* _Exercise instructions_: All entries are to be printed again exactly, with their images omitted.

* _Supplied information_:
○ ○ ○ ○

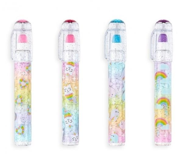 Mieniąca się brokatem oprawka, ozdobiona ""klejnotem"" skuwka, bajkowo słodka kolorystyka dopełniona truskawkowym zapachem oraz urocze stworzonka w towarzystwie serc i tęcz. Tak prezentuje się nietuzinkowa seria mechanicznych gumek do ścierania Ooly. Błyszczące osłonki w sprytny sposób skrywają gumki do ścierania wydłużając ich przydatność. Do tego ułatwiają wycieranie zapewniając wygodny chwyt i rozwiązują problem braku miejsca w piórniku. Stylizowana na długopis gumka mieści się tam gdzie zmieści się flamaster czy pióro.
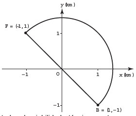 Em uma cidade será construída uma galeria subterrânea que receberá uma rede de canos para o transporte de água de uma fonte (F) até o reservatório de um novo bairro (B). Após avaliações, foram apresentados dois projetos para o trajeto de construção da galeria: um segmento de reta que atravessaria outros bairros ou uma semicircunferênciaque contornaria esses bairros, conforme ilustrado no sistema de coordenadas xOy da figura, em que a unidade de medida nos eixos é o quilômetro.
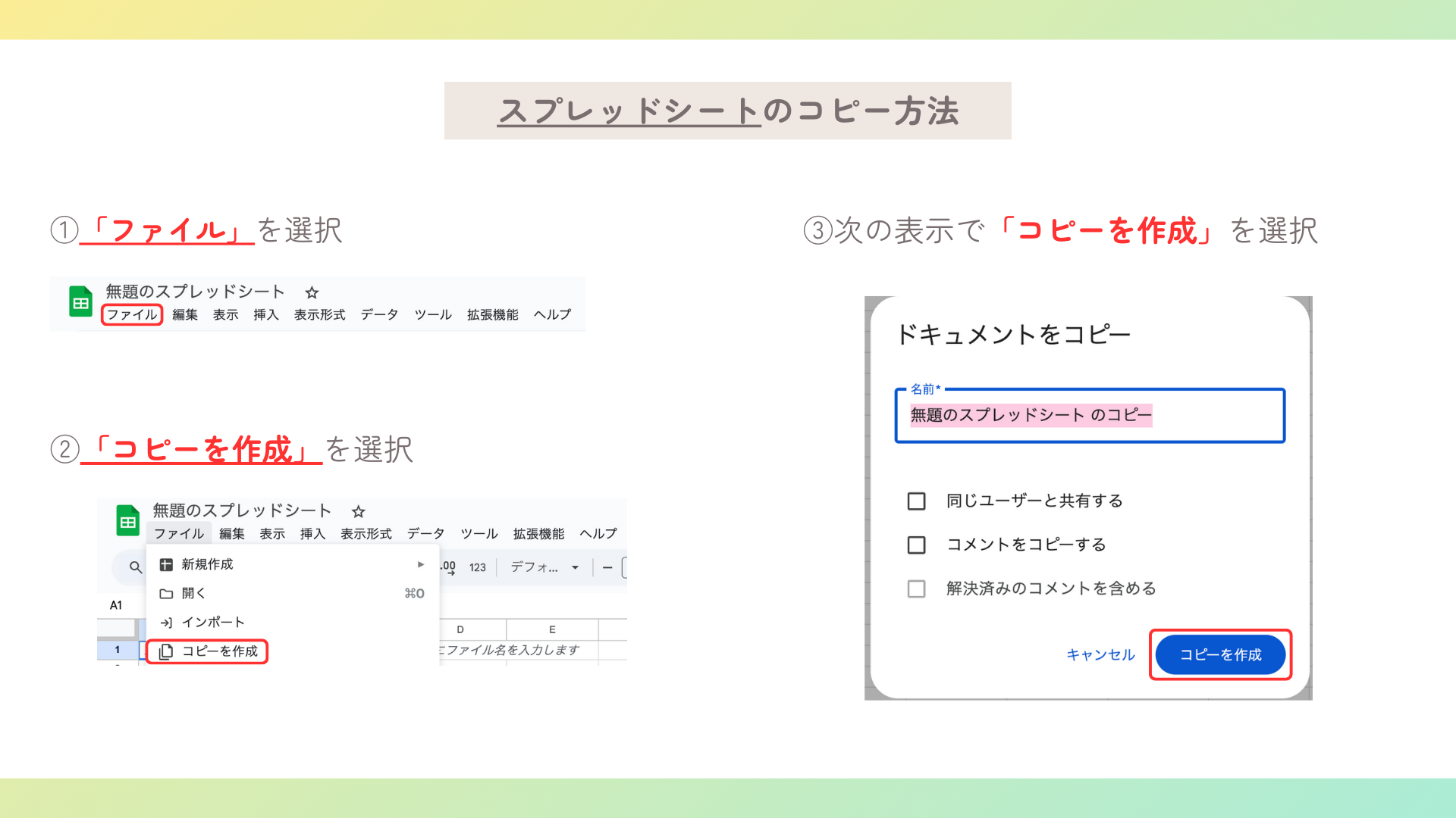 全て原本のURLを載せていますのでご自身のドライブ内にコピーしてご活用ください。
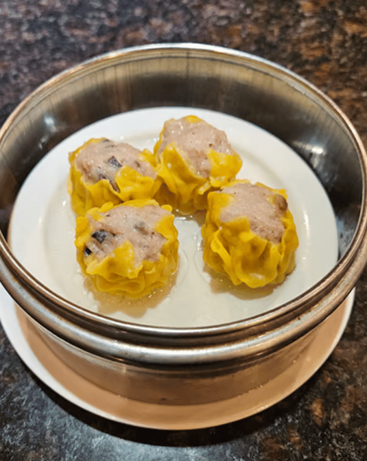 Steamed dumplings filled with a blend of pork and shrimp and scallop, often accompanied by shiitake mushrooms.
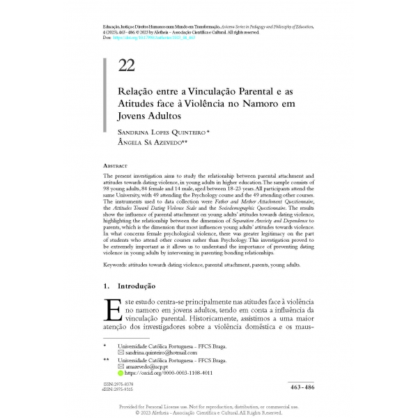 Moura, Octávio and Paula Mena Matos. “Vinculação aos pais, divórcio e conflito interparental em adolescentes.” Psicologia 22, no. 1 (janeiro 2008), http://dx.doi.org/10.17575/rpsicol.v22i1.341.

○ ○ ○ ○

* _Answer_:
 Mieniąca się brokatem oprawka, ozdobiona ""klejnotem"" skuwka, bajkowo słodka kolorystyka dopełniona truskawkowym zapachem oraz urocze stworzonka w towarzystwie serc i tęcz. Tak prezentuje się nietuzinkowa seria mechanicznych gumek do ścierania Ooly. Błyszczące osłonki w sprytny sposób skrywają gumki do ścierania wydłużając ich przydatność. Do tego ułatwiają wycieranie zapewniając wygodny chwyt i rozwiązują problem braku miejsca w piórniku. Stylizowana na długopis gumka mieści się tam gdzie zmieści się flamaster czy pióro.
 Em uma cidade será construída uma galeria subterrânea que receberá uma rede de canos para o transporte de água de uma fonte (F) até o reservatório de um novo bairro (B). Após avaliações, foram apresentados dois projetos para o trajeto de construção da galeria: um segmento de reta que atravessaria outros bairros ou uma semicircunferênciaque contornaria esses bairros, conforme ilustrado no sistema de coordenadas xOy da figura, em que a unidade de medida nos eixos é o quilômetro.
 全て原本のURLを載せていますのでご自身のドライブ内にコピーしてご活用ください。
 Steamed dumplings filled with a blend of pork and shrimp and scallop, often accompanied by shiitake mushrooms.
 Moura, Octávio and Paula Mena Matos. “Vinculação aos pais, divórcio e conflito interparental em adolescentes.” Psicologia 22, no. 1 (janeiro 2008), http://dx.doi.org/10.17575/rpsicol.v22i1.341.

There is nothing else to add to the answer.